Work request – Only text belongs in your copy of the listing below; reproduce it exactly and leave out the pictures.

Dataset section –
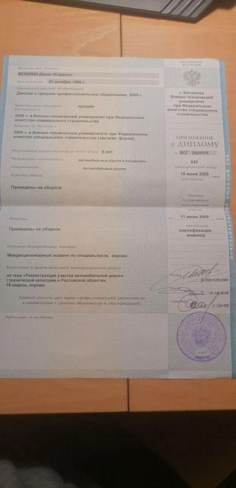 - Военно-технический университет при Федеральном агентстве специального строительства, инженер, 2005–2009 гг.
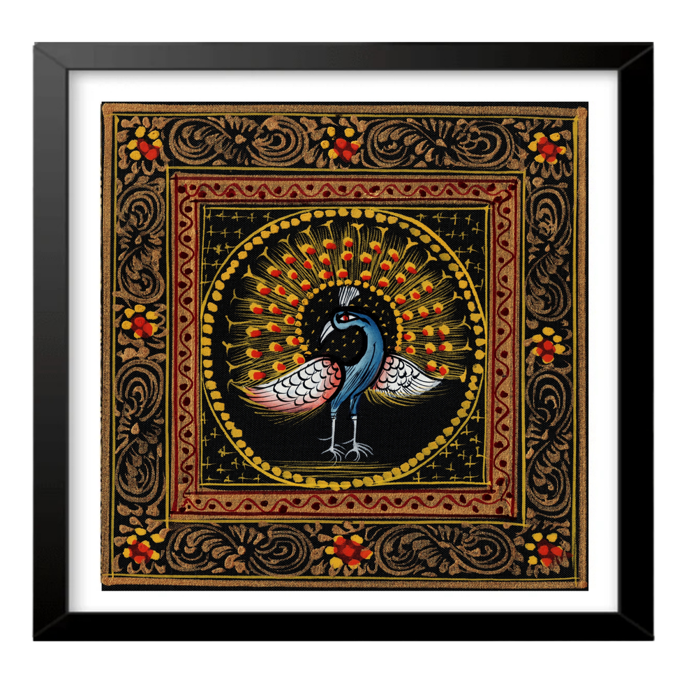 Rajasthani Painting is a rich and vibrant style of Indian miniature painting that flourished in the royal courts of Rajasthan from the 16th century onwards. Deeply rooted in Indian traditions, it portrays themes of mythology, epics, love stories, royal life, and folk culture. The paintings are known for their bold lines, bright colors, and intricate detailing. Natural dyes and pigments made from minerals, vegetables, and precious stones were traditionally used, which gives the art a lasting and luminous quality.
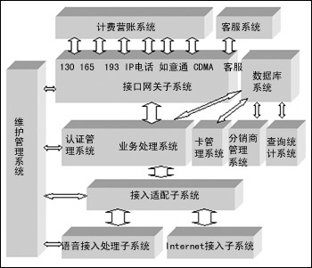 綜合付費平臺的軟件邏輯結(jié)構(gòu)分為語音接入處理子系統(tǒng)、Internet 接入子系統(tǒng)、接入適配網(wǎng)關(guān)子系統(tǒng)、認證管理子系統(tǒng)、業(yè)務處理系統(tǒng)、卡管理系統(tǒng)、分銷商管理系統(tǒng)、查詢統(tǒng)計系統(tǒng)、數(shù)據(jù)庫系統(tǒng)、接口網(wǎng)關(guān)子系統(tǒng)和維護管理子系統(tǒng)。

Finished task –
 - Военно-технический университет при Федеральном агентстве специального строительства, инженер, 2005–2009 гг.
 Rajasthani Painting is a rich and vibrant style of Indian miniature painting that flourished in the royal courts of Rajasthan from the 16th century onwards. Deeply rooted in Indian traditions, it portrays themes of mythology, epics, love stories, royal life, and folk culture. The paintings are known for their bold lines, bright colors, and intricate detailing. Natural dyes and pigments made from minerals, vegetables, and precious stones were traditionally used, which gives the art a lasting and luminous quality.
 綜合付費平臺的軟件邏輯結(jié)構(gòu)分為語音接入處理子系統(tǒng)、Internet 接入子系統(tǒng)、接入適配網(wǎng)關(guān)子系統(tǒng)、認證管理子系統(tǒng)、業(yè)務處理系統(tǒng)、卡管理系統(tǒng)、分銷商管理系統(tǒng)、查詢統(tǒng)計系統(tǒng)、數(shù)據(jù)庫系統(tǒng)、接口網(wǎng)關(guān)子系統(tǒng)和維護管理子系統(tǒng)。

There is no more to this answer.